Explicit calculations in an infinitesimal singular block of $SL_N$

TL;DR

This paper performs explicit calculations in a specific singular block of the algebraic group SL_{n+1} over a field of characteristic p, determining Loewy series and extensions in the category of G_1T-modules.

Contribution

It provides the first detailed calculations of Loewy series and extensions in the lift of an infinitesimal singular block of SL_N to G_1T-modules, including explicit projective module structures for large p.

Findings

Complete Loewy series for baby Verma modules

All extension groups between irreducible modules determined

Loewy series for indecomposable projective modules computed for large p

Abstract

Let $G= SL_{n+1}$ be defined over an algebraically closed field of characteristic $p > 2$. For each $n \geq 1$ there exists a singular block in the category of $G_1$-modules which contains precisely $n+1$ irreducible modules.
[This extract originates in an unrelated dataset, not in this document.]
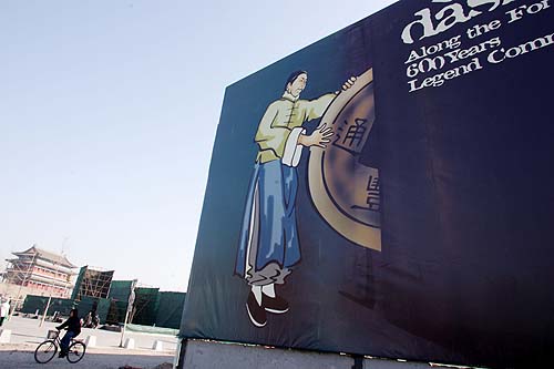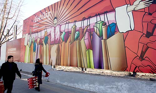 一批富有老北京韻味的商業(yè)風(fēng)情畫日前出現(xiàn)在北京前門大柵欄商業(yè)區(qū)改造工地的圍擋上,吸引了過往行人的眼球。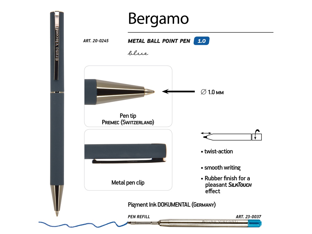 Ручка Bergamo шариковая автоматическая, синий металлический корпус, 0,7 мм, синяя

We are interested in the lift of this block to the category of $G_1T$-modules. Imposing only mild assumptions on $p$, we will perform a number of calculations in this setting, including a complete determination of the Loewy series for the baby Verma modules and all possible extensions between the irreducible modules. In the case where $p$ is extremely large, we will also explicitly compute the Loewy series for the indecomposable projective modules.